News

Big fall in oil, gas and cargo ships taking US-backed Hormuz route after new strikes

Big Drop in Oil, Gas Ship Traffic via Hormuz After Strikes

Big fall in oil gas and cargo – Following recent strikes in the Strait of Hormuz, there has been a significant big fall in oil gas shipments and cargo vessel traffic. According to maritime intelligence firm Kpler, only 23 tankers and cargo ships traversed the strait on Wednesday, compared to 47 the previous week. This sharp decline highlights the growing uncertainty in the region, as commercial vessels now increasingly avoid the US-backed route through Omani waters. Iran has maintained that its own territorial waters are the only “safe” option for shipping, a claim that has gained traction amid ongoing tensions.

Strategic Importance and Escalation of Conflict

The Strait of Hormuz is a critical chokepoint for global energy supplies, with over 20% of the world’s oil and gas passing through it daily. Before the recent escalation, an average of 138 ships navigated the strait each day, according to the Joint Maritime Information Center (JMIC), a coalition of maritime authorities including the US. The conflict intensified in late February when the US and Israel launched their first strikes on Iranian targets, leading to a series of retaliatory attacks by Iran. These attacks have disrupted shipping lanes, with mines and missile strikes forcing vessels to reroute.

After the June 17 peace agreement, the US eased its naval blockade on Iranian ports and promised to allow “safe passage” for commercial ships. However, Iran introduced a fee system for vessels using its waters, which has been met with resistance from Gulf allies and European powers. Despite the agreement, the big fall in oil gas traffic continued, with the JMIC recommending an alternative route through Omani waters. This route, while less congested, has seen a peak of 28 ships in the past week, offering a temporary solution to the crisis.

Impact on Global Trade and Energy Markets

The recent strikes have created a ripple effect across global trade and energy markets. With the big fall in oil gas traffic, fears of supply disruptions have resurfaced, particularly in the Middle East and Asia. Analysts warn that the reduction in shipments could lead to higher oil prices and logistical challenges for countries reliant on Hormuz for imports. The attacks on three tankers—owned by Qatar, Saudi Arabia, and Liberia—have further underscored the vulnerability of the US-approved route, prompting renewed calls for diversified shipping strategies.

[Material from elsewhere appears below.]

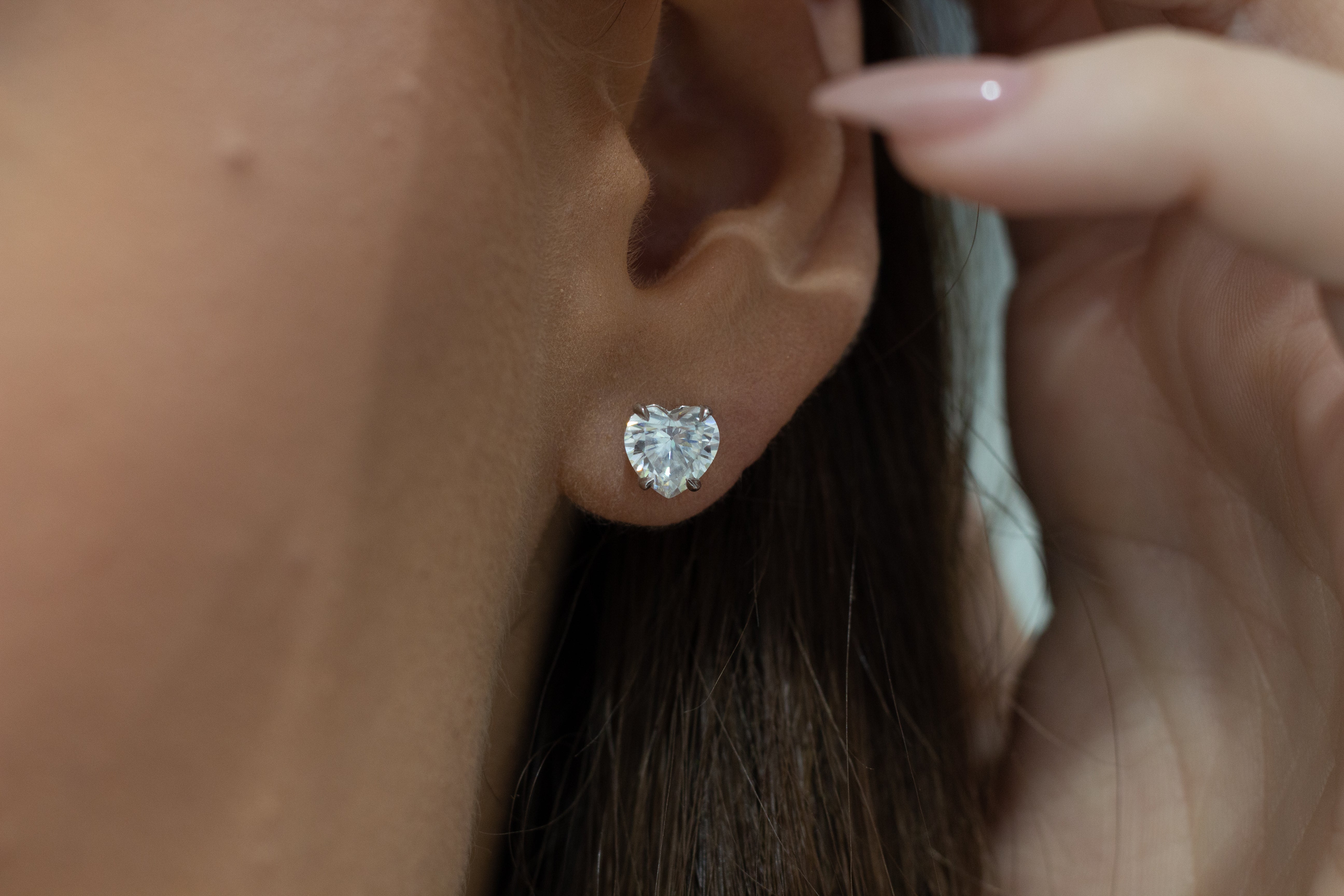 E101 ~ Moissanite ~ Heart Moissanite Earrings

Iran’s continued insistence on controlling the strait has complicated efforts to stabilize trade flows. The country has accused the US of using its influence to dominate shipping routes, arguing that this undermines regional autonomy. In response, the JMIC has emphasized the need for coordinated measures to ensure the big fall in oil gas traffic does not persist. Meanwhile, the alternative Omani route, though less secure, has become a focal point for discussions on long-term shipping adjustments. The strategic implications of this shift are significant, as it may alter the balance of power in maritime trade for years to come.

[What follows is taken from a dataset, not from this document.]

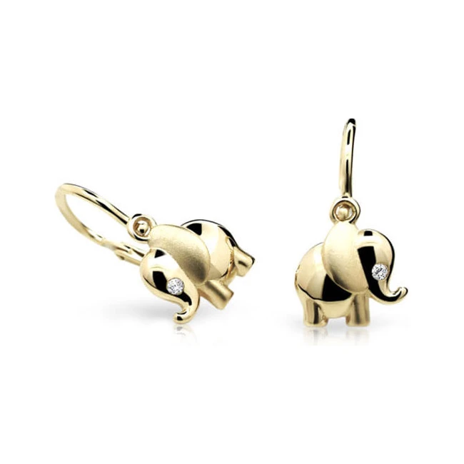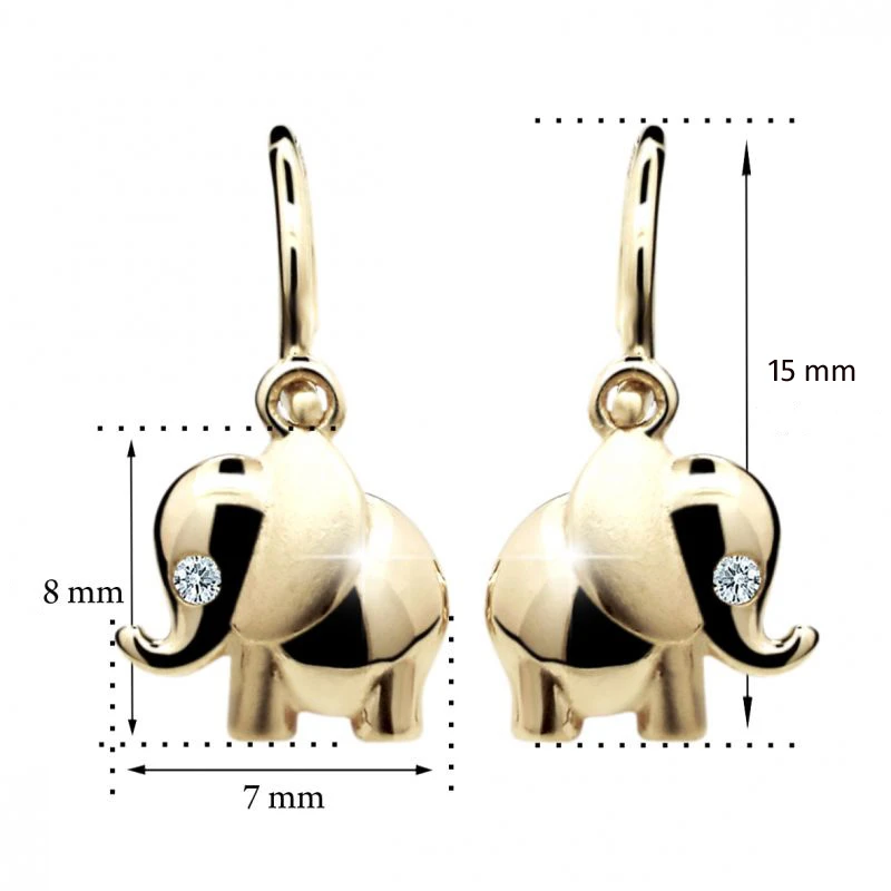 Detské náušnice zo žltého zlata 585/1000. Náušničky majú zapínanie na detskú brizúru. Toto zapínanie je skonštruované práve pre detské náušnice a zamedzuje jeho nechcenému roztvoreniu a následnej strate náušničky. Rozmery náušničiek nájdete zobrazené na podpornej fotografii. Náušničky sú ozdobené žiarivými zirkónmi.

Experts suggest the big fall in oil gas trend could continue as both sides test each other’s resolve. Martin Kelly, a senior analyst at EOS Risk Group, notes that the current pattern resembles past conflicts, where attacks on shipping lanes lead to cyclical peaks and troughs in vessel numbers. “The cycle is likely to repeat,” Kelly said. “Iran will strike another ship, and the US will respond, causing further disruptions until a lasting resolution is reached.” This dynamic underscores the fragility of the region’s trade infrastructure and the importance of maintaining open lines of communication between adversaries.